Information provided Block Start

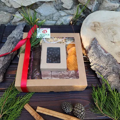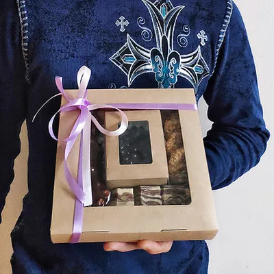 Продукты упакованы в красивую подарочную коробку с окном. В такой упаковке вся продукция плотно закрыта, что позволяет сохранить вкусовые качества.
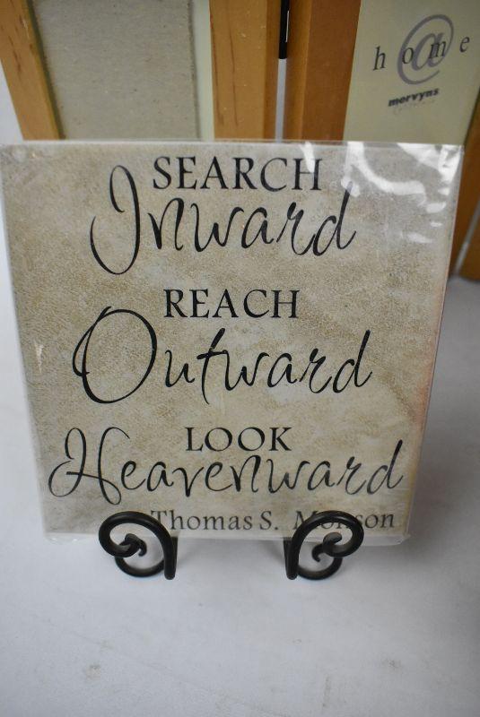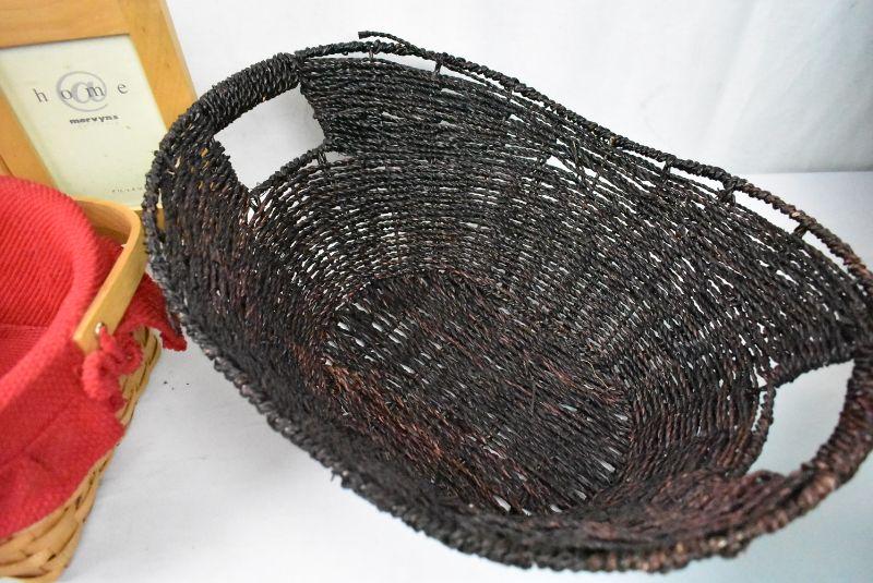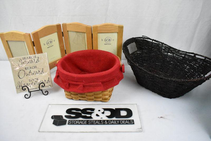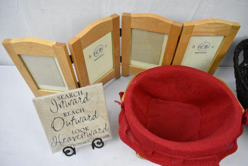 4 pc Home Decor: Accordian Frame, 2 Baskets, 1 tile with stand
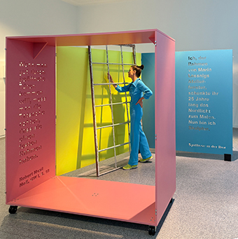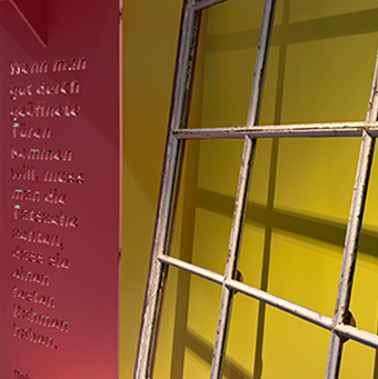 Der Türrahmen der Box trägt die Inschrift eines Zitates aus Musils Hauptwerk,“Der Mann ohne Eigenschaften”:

Information provided Block End

* [Work order]
Repeat the material exactly as it reads, without any of its pictures.

* [Answer area]
 Продукты упакованы в красивую подарочную коробку с окном. В такой упаковке вся продукция плотно закрыта, что позволяет сохранить вкусовые качества.
 4 pc Home Decor: Accordian Frame, 2 Baskets, 1 tile with stand
 Der Türrahmen der Box trägt die Inschrift eines Zitates aus Musils Hauptwerk,“Der Mann ohne Eigenschaften”:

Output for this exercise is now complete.